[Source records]

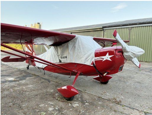
Super Decathlon Canopy Cover, Over-Top with Ext. to Tail, Prop Cover, Engine Plugs.

Engine Inlet Plugs are custom fit for your Bellanca (American Champion) Citabria, Scout, Explorer intakes, made with heavy-duty vinyl material, and stuffed with a single block of sculpted urethane foam. Each plug has a zipper that allows the foam to be removed and dried if necessary. Engine plugs have warning flags that are visible from the cockpit or 'remove before flight' streamers sewn onto the face of the plugs. Most plugs are imprinted with the aircraft registration number in black for an extra charge. Storage bag NOT included. Engine plugs may be inserted after flight when the engine is still warm. Engine Inlet Plugs are commonly referred to as Cowl Plugs, Intake Plugs, Cowl Blocks, Engine Blocks, and Engine Bungs.
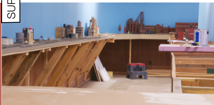
North Bay of the Zanesville Club.

As seen from the front of the layout, three 'bays' are seen, as shown below, and a staging yard is hidden behind a wall of the south bay. A working yard will be seen to the back of the staging yard after the wall ends. Some track is down, but there is some discussion about the best sub roadbed to lay the rest of the track on. The Zanesville Club's layout should provide long runs and keep many members busy running trains. This will be interesting to watch as the layout comes together.
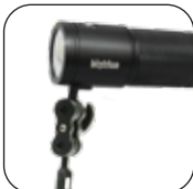
*Photographic Arms and Clips are sold separately
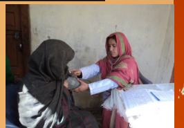
A graduated trainee checks a patients blood pressure

The newly graduated Paramedic Assistants are stationed at a clinic located in their village. These clinics include the remote villages of Torgon, Harikon, Ghawari Giantha, Kuro Satu, Mantho Manthoka, Ghasing Usukhore, Katisho Shamyala, Monjong, Asgharabad, and Thalevillage. The Paramedic Assistants regularly visit the poor and the sick in the villages, using the knowledge and skills they have gained to treat their patients. They are regularly supervised by doctors that travel to each of the ten villages.
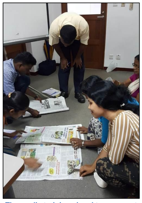
The media training aimed to, amongst other things, train select youth and women to identify issues related to education in the districts and link with professional journalists and garner their support for advocacy and lobbying to achieve the SDG 4 targets.
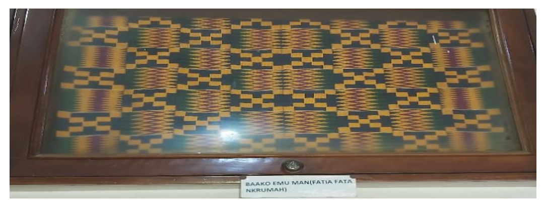
Figure 14: Proper Preservation of Indigenous Ghanaian Textile in Ashanti Region
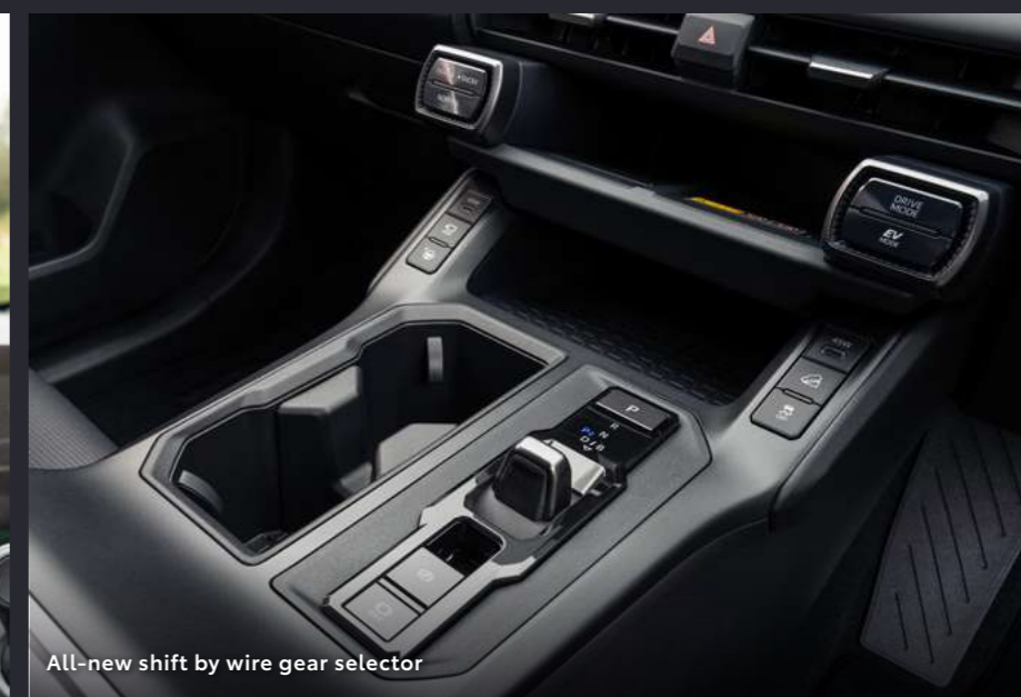
All-new shift by wire gear selector

For a more sophisticated, minimalist interior appearance, the 2.5 HEV VX and 2.5 PHEV** introduce a shift-by-wire turn-dial gear selector. The flagship PHEV** model, makes every journey ultra-comfortable thanks to power adjustable Sport seats and a keyless, foot activated boot.

__Action item__
The full data, repeated exactly and stripped of its pictures, is the expected answer.

__The completed task__
Super Decathlon Canopy Cover, Over-Top with Ext. to Tail, Prop Cover, Engine Plugs.

Engine Inlet Plugs are custom fit for your Bellanca (American Champion) Citabria, Scout, Explorer intakes, made with heavy-duty vinyl material, and stuffed with a single block of sculpted urethane foam. Each plug has a zipper that allows the foam to be removed and dried if necessary. Engine plugs have warning flags that are visible from the cockpit or 'remove before flight' streamers sewn onto the face of the plugs. Most plugs are imprinted with the aircraft registration number in black for an extra charge. Storage bag NOT included. Engine plugs may be inserted after flight when the engine is still warm. Engine Inlet Plugs are commonly referred to as Cowl Plugs, Intake Plugs, Cowl Blocks, Engine Blocks, and Engine Bungs.
North Bay of the Zanesville Club.

As seen from the front of the layout, three 'bays' are seen, as shown below, and a staging yard is hidden behind a wall of the south bay. A working yard will be seen to the back of the staging yard after the wall ends. Some track is down, but there is some discussion about the best sub roadbed to lay the rest of the track on. The Zanesville Club's layout should provide long runs and keep many members busy running trains. This will be interesting to watch as the layout comes together.
*Photographic Arms and Clips are sold separately
A graduated trainee checks a patients blood pressure

The newly graduated Paramedic Assistants are stationed at a clinic located in their village. These clinics include the remote villages of Torgon, Harikon, Ghawari Giantha, Kuro Satu, Mantho Manthoka, Ghasing Usukhore, Katisho Shamyala, Monjong, Asgharabad, and Thalevillage. The Paramedic Assistants regularly visit the poor and the sick in the villages, using the knowledge and skills they have gained to treat their patients. They are regularly supervised by doctors that travel to each of the ten villages.
The media training aimed to, amongst other things, train select youth and women to identify issues related to education in the districts and link with professional journalists and garner their support for advocacy and lobbying to achieve the SDG 4 targets.
Figure 14: Proper Preservation of Indigenous Ghanaian Textile in Ashanti Region
All-new shift by wire gear selector

For a more sophisticated, minimalist interior appearance, the 2.5 HEV VX and 2.5 PHEV** introduce a shift-by-wire turn-dial gear selector. The flagship PHEV** model, makes every journey ultra-comfortable thanks to power adjustable Sport seats and a keyless, foot activated boot.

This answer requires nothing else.